A separate process. Polls the RPC every second. Indexes any new blocks.

The three:

Latency. The RPC poll has request/response overhead. The indexer is always seconds behind the tip — useless for MEV, risk, real-time UX.
Atomicity. Reth commits a new block to disk before your indexer sees it. There's a window where Reth has a block your code hasn't processed. If your code is the source of truth for a derived view, that window is a race condition.
Reorgs. Polling sees head = N, then later head = N (different block). Your indexer has to detect and handle reorgs from outside, with weaker information than Reth itself has.

The fix: run in the same process as Reth. Get notified the moment a block commits, with full chain context.

Step 1 — First stab: a callback per block

Naive in-process API:

fn on_new_block<F: Fn(&Block)>(reth: &mut Reth, callback: F) {
    reth.add_listener(callback);
}

Reth calls your closure for every new block. Simple.

The two:

Reorgs aren't append-only. A callback that only fires on "new block added" can't represent "block N at hash X was replaced by block N at hash Y." Your indexer's derived state silently corrupts on every reorg.
No way to tell Reth you're done. If your indexer is processing block N, Reth doesn't know whether it can prune block N-100,000's data. Without this signal, Reth keeps everything forever.

Step 2 — A richer notification: the three chain events

Replace the bare callback with an enum that captures all three things that can happen to the chain:

enum ExExNotification {
    ChainCommitted { new: Chain },             // canonical blocks added
    ChainReorged   { old: Chain, new: Chain }, // old replaced by new
    ChainReverted  { old: Chain },             // removed (no replacement yet)
}

Each variant carries enough information for the indexer to undo or redo derived state:

ChainCommitted { new } — append the new blocks' state to your index.
ChainReorged { old, new } — undo old's state, apply new's state. Atomic swap.
ChainReverted { old } — undo old's state, wait. Reth will follow up with a future ChainCommitted once it picks a new tip.

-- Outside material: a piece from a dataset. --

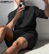 INCERUN男式短裤运动套装短袖T恤和短裤Loungwear健身房运动套装套装(西式)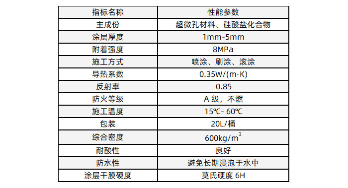 3、涂料可涂刷在所有的無機材料上,如金屬、磚塊、混泥土、木塊、玻璃纖維,并且涂層不燃,防火等級為 A 級。

The HashMap contains the old chain's transactions, but the canonical chain is now the new chain. Any later read off your index will return transactions that no longer exist on the canonical chain — a phantom-data bug. Worse: the new chain's transactions never got indexed (you didn't see a ChainCommitted for them — you saw a ChainReorged you ignored).

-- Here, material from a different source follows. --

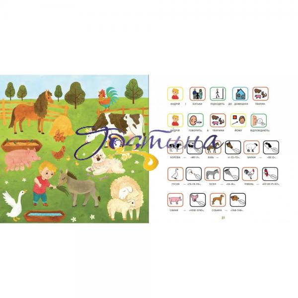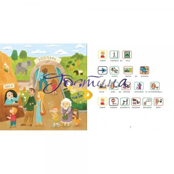 «Зоопарк» - це книга, яка розповідає про правила поведінки в різних громадських місцях - в зоопарку, кафе, на дитячому майданчику, а також допомагає навчитися правильній вимові звуків, розвиває мову і навички спілкування. Адаптований текст робить читання доступним для дітей, що мають труднощі з вивченням букв або розумінням тексту.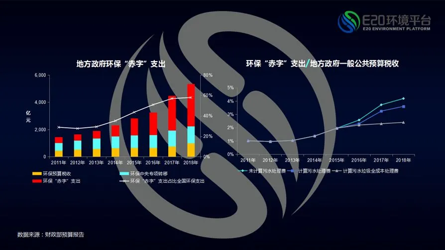 地方政府的环保赤字支出并没有收费来源,也没有中央的定额支付,必须得从自己土地收入盈余和一般公共预算其它税收中,比如营业税、增值税或者老百姓交的个人所得税,挤出来做环保投入,像军费和教育经费一样。假设环保“赤字”支出从地方政府历年税收收入中获取,则八年间,环保“赤字”支出占比地方政府历年税收收入的比重已从1%上升至4%。另外一方面,因为存在污水处理费的实际收入来源形式,若将这笔费用弥补环保“赤字”支出,则占比有望拉低1个百分点,而如果将污水垃圾全成本由居民付费而计算在内,则环保“赤字”支出占比有望被继续拉低至2%左右(相关阅读→ 1、一边提标不停,一边水价过低:污水处理费用年缺口上千亿;2、垃圾收费 | 香港来了,北上广深还会远吗?)。

This is the #1 ExEx bug. The three-variant enum exists specifically to prevent it.

Step 3 — Tell Reth what you've finished: `FinishedHeight`

If your indexer has processed block N, Reth needs to know. Otherwise it can't safely prune anything below N.

ctx.events.send(ExExEvent::FinishedHeight(block_number_hash))?;

ctx.events is a write-only channel back to Reth. Whenever your handler finishes a block (or chain), you send FinishedHeight(N). Reth aggregates the minimum across all installed ExExes and prunes below that.

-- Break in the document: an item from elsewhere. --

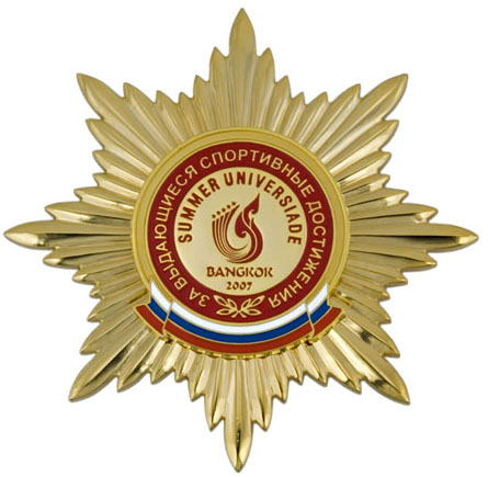 ЗА ВЫДАЮЩИЕСЯ СПОРТИВНЫЕ ДОСТИЖЕНИЯ SUMMER UNIVERSIADE BANGKOK 2007 Латунь, мягкая эмаль (аверс, подвеска, колодка) Латунь, без эмали (реверс, подвеска, колодка) Размеры: 111 х 141мм (подвеска с колодкой) Цвет покрытия: золотой |

The node retains all historical state Reth would otherwise prune — because it can't safely prune anything your ExEx might want to read later. Disk usage compounds. Without FinishedHeight, an "innocuous indexer" turns Reth into a full-archive node by accident.

Step 4 — The notification stream: async pull, not callback

A callback would force Reth to wait for your slow code on every block. Better: push notifications into a stream, your handler pulls when ready:

while let Some(notification) = ctx.notifications.try_next().await? {
    // process at your pace
}

ctx.notifications is a Stream of ExExNotification. try_next is async — your handler runs in the same async runtime as Reth. Reth's progress isn't gated on your indexing speed, but your handler still observes every event in order.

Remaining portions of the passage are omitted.